Results showed 85% (n = 137) of patients had generalized tonic–clonic seizures, and 42 of these had focal discharge on EEG, raising the possibility of a focal origin for the seizure. Twenty-four patients had partial seizures; however, if a focal onset was missed, and the seizure was secondarily generalized, then it was counted as a generalized seizure. Overall, the risk of a seizure to occur during wakefulness was 13%. After 2 years, 78% of patients were seizure free. A poor prognosis was correlated with a higher frequency of seizures before inclusion in the study and with the sudden discontinuation of AEDS. In three previous studies, using similar methods and inclusion criteria (i.e., mild epilepsy), the risk of a seizure occurring during wakefulness was 19% (4), 11% (4), and 19% (5)—results somewhat similar to those found in the D Alessandro et al. study. However, the previous studies were less reliable because of their retrospective nature and small sample sizes. In one of these studies (5), two additional poor prognostic variables were suggested: partial seizures with or without generalization and duration of epilepsy.

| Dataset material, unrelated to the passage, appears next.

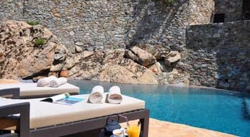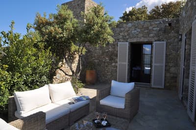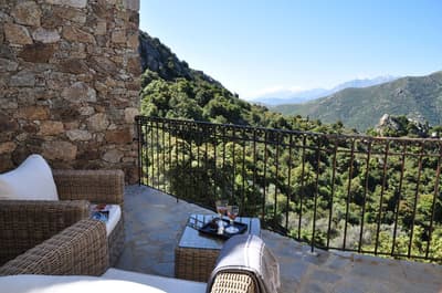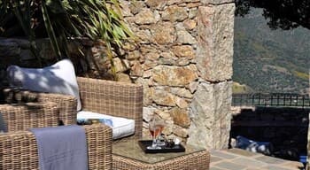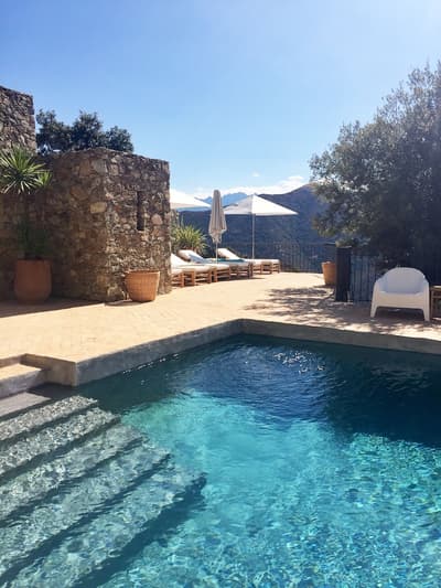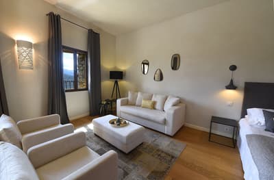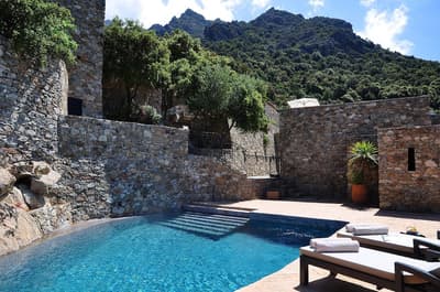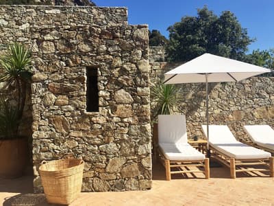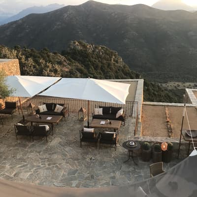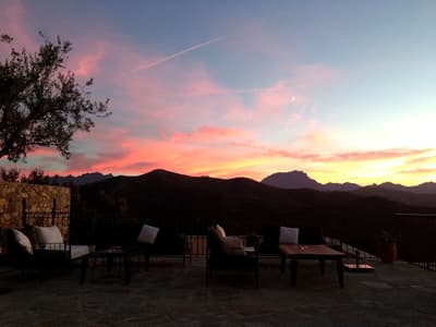 Vous vouliez un séjour bien typique ? Gagné ! Perché au-dessus de la cité médiévale de Lama aux portes de la Balagne, le Case Latine dégage toute la force poétique de la montagne corse. Conçu comme un petit village de seulement 9 suites, vous y grimperez des marches, arpenterez les dédales et passages empierrés pour rejoindre l’une ou l’autre des cinq maisons de pierre qui abrite la vôtre. Spacieuse, cosy et élégante, chaque suite ouvre sur une terrasse privative. De quoi ouvrir grand vos yeux : le panorama est fou ! Vous êtes sur le toit du monde ! L’hôtel domine toute la vallée qui coule jusqu’aux rivages, entre terre et ciel. Amateurs de balades ou de randonnées, vous n’avez que l’embarras du choix. Les plus avertis tenteront l’ascension vers le Monte Astu, plus haut sommet de la Serra di Tenda, qui culmine à 1 535 mètres ; les autres savoureront les essences du maquis sur les anciens chemins de transhumance, balisés de terrasses en culture, de pierres sèches, de paillers, de bergeries. Les fans de la Grande Bleue pourront toujours se rendre sur les plages des Agriates, à quelque 25 km. Mais le soir venu, posé sur la terrasse un verre à la main, vous ne manquerez pour rien au monde le sunset qui embrase la vallée.

A clear limitation to the study by D'Alessandro et al. is the lack of video-EEG polysomnography (PSG), a technique that is not typically accessible to the general clinician and is primarily available only in epilepsy referral centers. To date, most studies using video-EEG PSG to record seizures in the 24-hour sleep–wake cycle do so with patients whose seizures occur during wakefulness, sleep, or both wakefulness and sleep—but not exclusively during sleep. This is the first prospective study to evaluate the risk of seizures during wakefulness in pure sleep epilepsy and provides preliminary data actually applicable to general clinical practice. Future prospective studies are needed. More importantly, the technique of video-EEG PSG must be used and studied in the mild-to-refractory pure sleep epilepsies and nocturnal epileptic syndromes with both pediatric and adult populations. From the data presented by D'Alessandro et al., it may be possible to speculate that the refractory seizure population (i.e., those patients with higher seizure frequency during sleep) may have a higher risk for a seizure during wakefulness. Other issues pertaining to pure sleep epilepsy that should be examined include partial versus generalized epilepsy, temporal versus frontal lobe epilepsy, and coincidence of sleep disorders, particularly sleep apnea and restless legs syndrome. Finally, research in the area of pure sleep epilepsy must examine the question of why seizures are preferentially facilitated by sleep.